A defesa de Raisman não se fez esperar: «Ela diz que eu estou sempre a dormir e olha para mim como se fosse doida mas o que não é natural é não estar cansada depois de se trabalhar tanto.»

 

No Rio de Janeiro, Raisman não conseguiu defender o título no solo e também foi segunda classificada no concurso completo. Em ambas, o título foi para Simone Biles. Fracasso? Longe disso. «Ninguém entra a pensar que consegue derrotar a Simone tal como também não se pensa que é mais rápido do que o Bolt.»

 

As três medalhas no Rio de Janeiro foram a confirmação de que valeu a pena arriscar e voltar a passar por todo o trabalho de preparação. Nos últimos dias, num jogo dos Boston Red Sox (basebol), deixou um conselho: «Nem sempre vai ser divertido, nem sempre vai ser fácil.

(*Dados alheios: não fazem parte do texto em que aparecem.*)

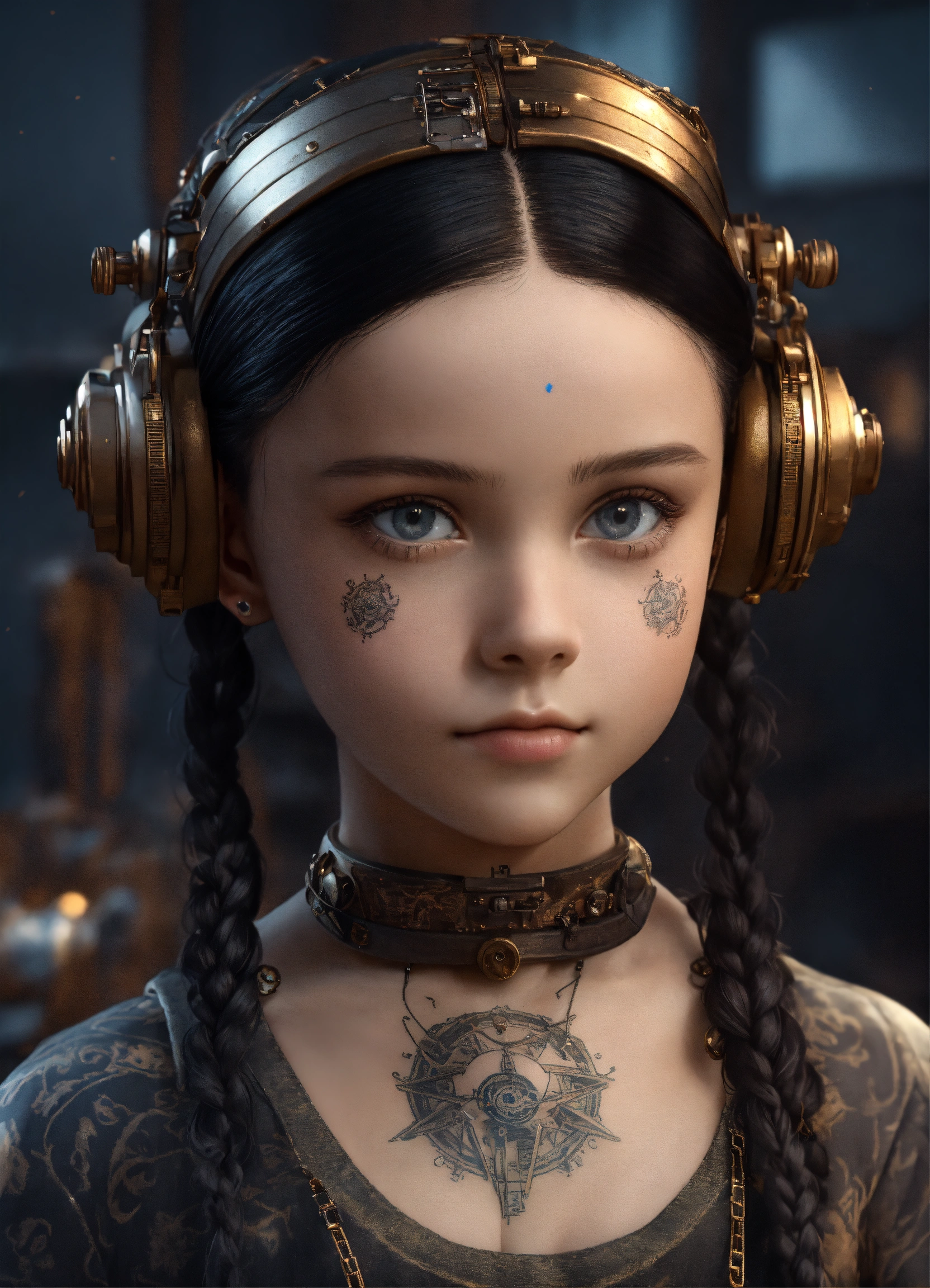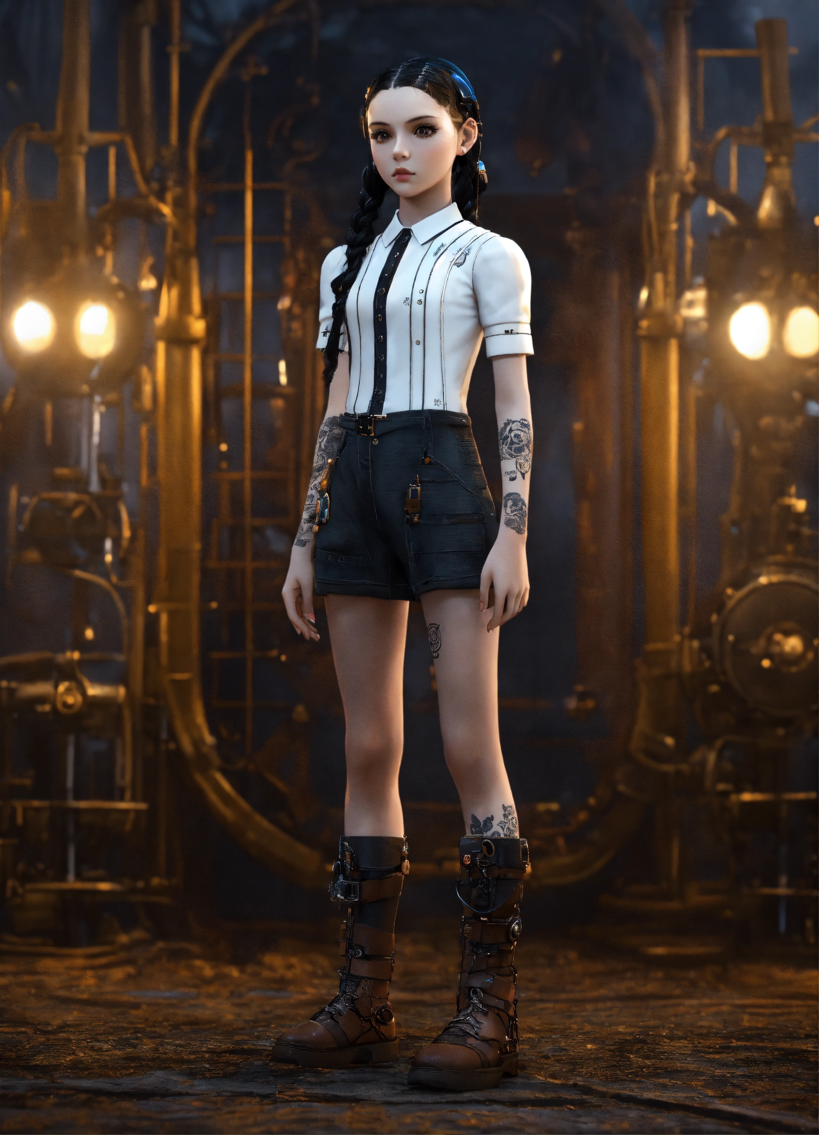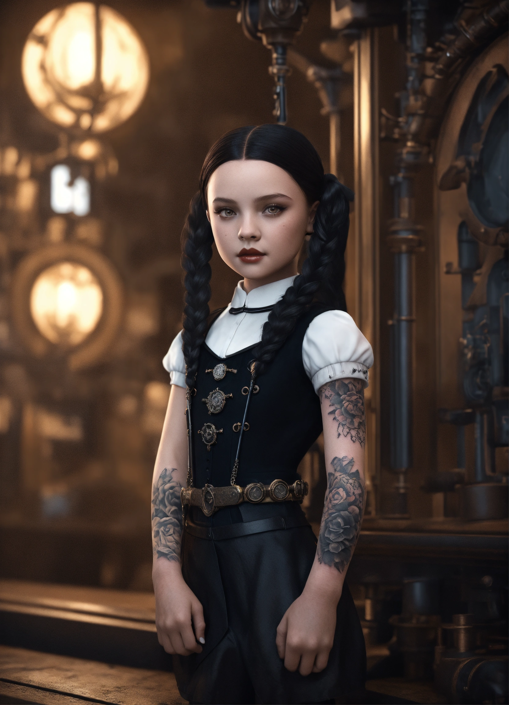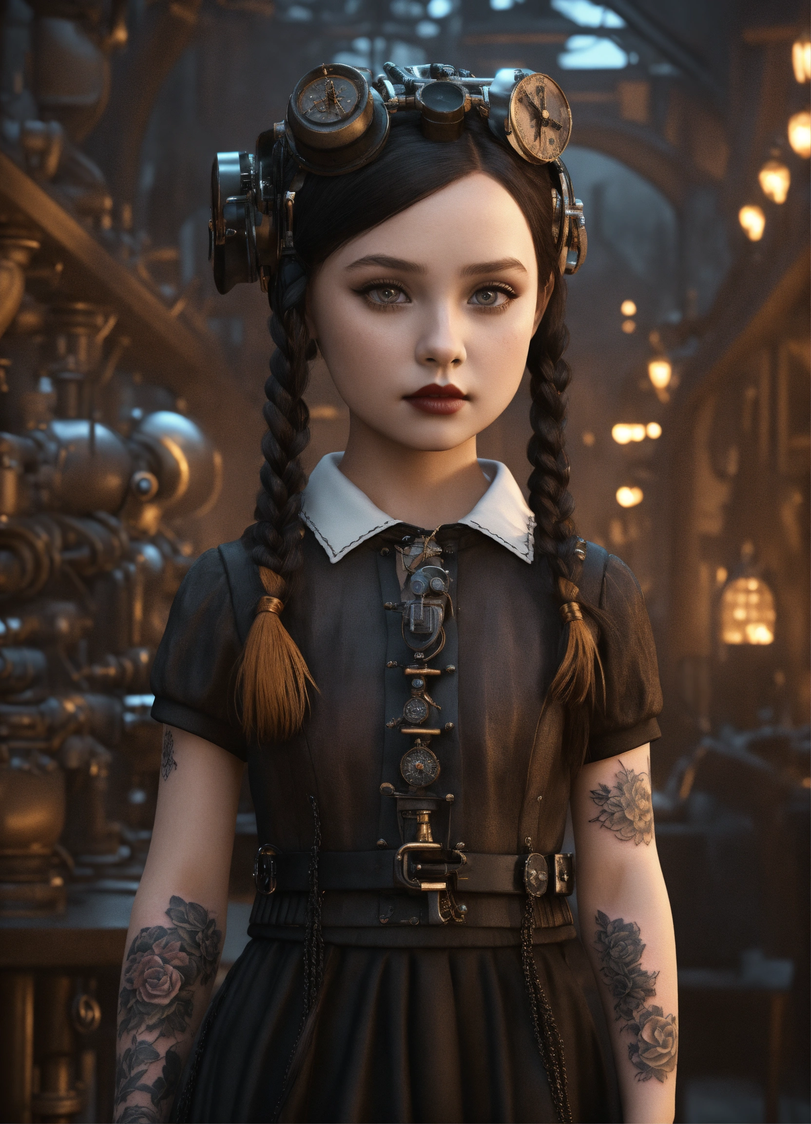 I want the same appearance, same hairstyle and same angle of the girl and the entire body within the image, little girl, standing in the center of the image, wednesday addams wearing tattooed steampunk cybernetic appearance realistic 3d rendering --q 5 --ar 11
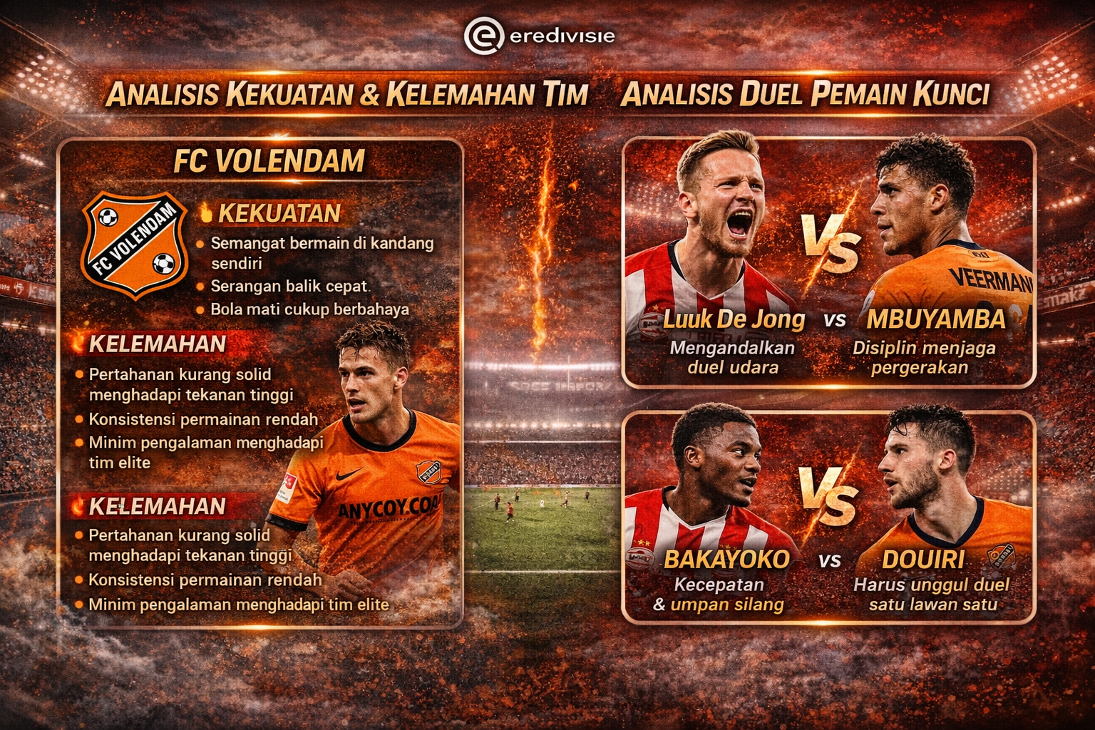 Jika PSV mencetak gol cepat, pertandingan berpotensi menjadi berat sebelah. Namun jika Volendam mampu bertahan hingga babak pertama, tekanan bisa berbalik secara psikologis.
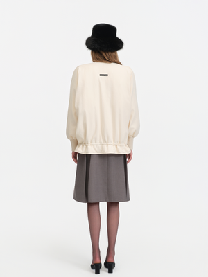 Off-White Short Jacket with Crew Neck and Ruched Hem
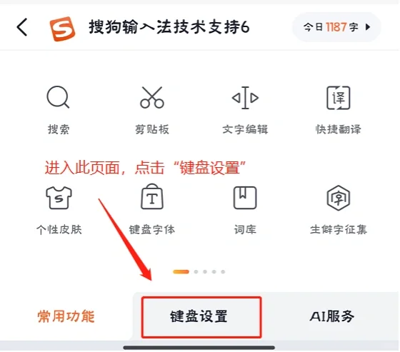 点击键盘左上角S标→点击“键盘设置”→点击“定制工具栏”→点击图标上的红色按钮就能删除→添加常用的其他功能→点击完成
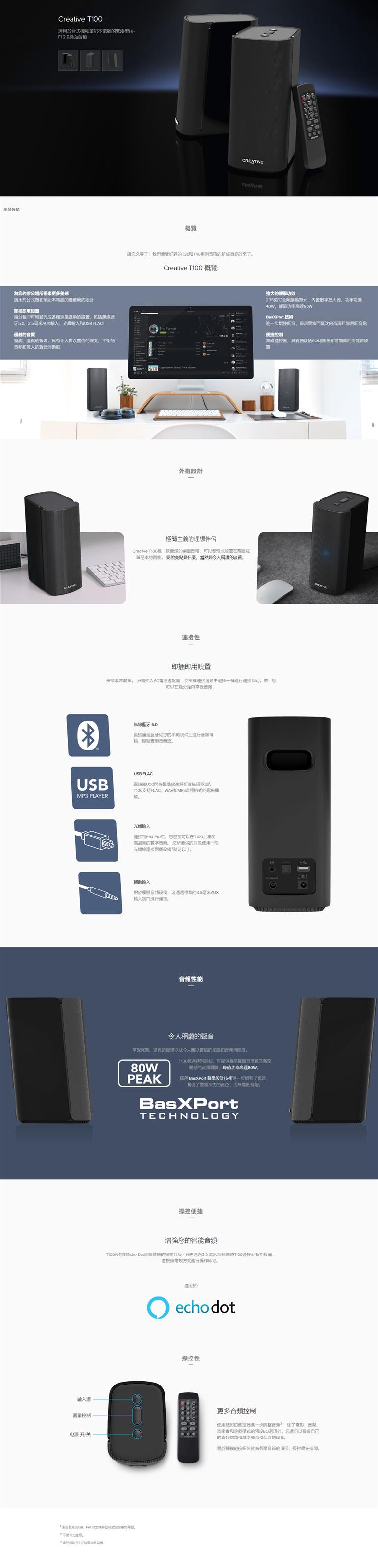 CREATIVE T100 Hi-Fi 2.0 喇叭
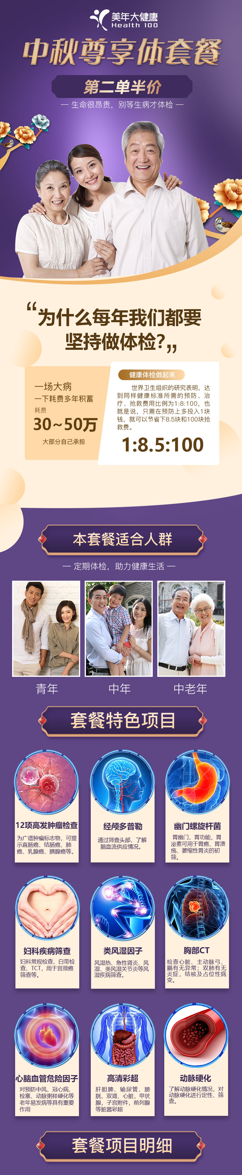 【国庆钜惠,第二单半价】美年大健康 深度精选 性价比折扣套餐 全身体检包含胸部CT、心脑血管检测,颈动脉、心脏多部位彩超、宫颈TCT、12项肿瘤检查、肝肾功能、头部TCD等

Mas se se gostar mesmo, se se trabalhar arduamente, se se fizer sacrifícios e se se for muito disciplinada, então poderá mesmo alcançar-se tudo o que se quiser.»

 

A prata no concurso completo, quatro anos depois da desilusão do desempate, também mereceu um comentário especial: «Mostra que nunca deves deixar que alguém te diga que não consegues. Nunca deves desistir só porque falhaste em alguma coisa.»